▶ _Aim of the task_: Leave out the images and repeat the listing below without a single change.

▶ _Collected data_:
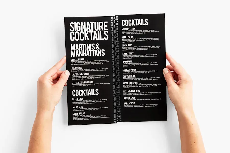 Protéjase contra derrames y resista el desgaste del restaurante con menús impermeables. Impreso en un sustrato sintético impermeable que se limpia fácilmente, nuestro proceso de impresión de menús a prueba de agua hace que los detalles de su cena y las marcas comerciales de comida para llevar se vean deliciosas. Termine su menú con una capa UV para protegerlo de la humedad, agregue un pliegue o una ranura y haga que sus clientes regresen por más.
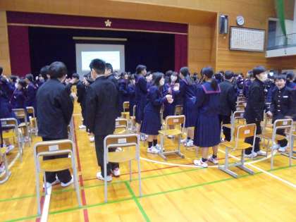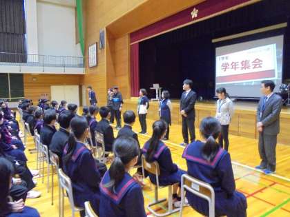 5限目に体育館で学年集会を行いました。学年の担当教員の紹介や中学校の1日の流れについての話を聞きました。
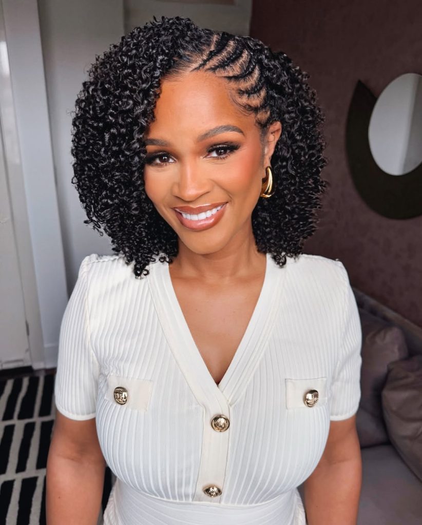 This style is perfect for women who want protective options that still feel feminine and versatile. The braid foundation helps it. Lasts long, while the curls can be refreshed with a little mousse and finger definition. It’s a beautiful choice if you love braided cornrow kinky twist hairstyles but want extra softness and bounce through the lengths.
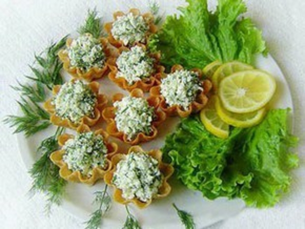 Смешать чеснок и укроп с растёртым творогом. Наполнить полученной смесью тарталетки.

▶ _Exercise output_:
 Protéjase contra derrames y resista el desgaste del restaurante con menús impermeables. Impreso en un sustrato sintético impermeable que se limpia fácilmente, nuestro proceso de impresión de menús a prueba de agua hace que los detalles de su cena y las marcas comerciales de comida para llevar se vean deliciosas. Termine su menú con una capa UV para protegerlo de la humedad, agregue un pliegue o una ranura y haga que sus clientes regresen por más.
 5限目に体育館で学年集会を行いました。学年の担当教員の紹介や中学校の1日の流れについての話を聞きました。
 This style is perfect for women who want protective options that still feel feminine and versatile. The braid foundation helps it. Lasts long, while the curls can be refreshed with a little mousse and finger definition. It’s a beautiful choice if you love braided cornrow kinky twist hairstyles but want extra softness and bounce through the lengths.
 Смешать чеснок и укроп с растёртым творогом. Наполнить полученной смесью тарталетки.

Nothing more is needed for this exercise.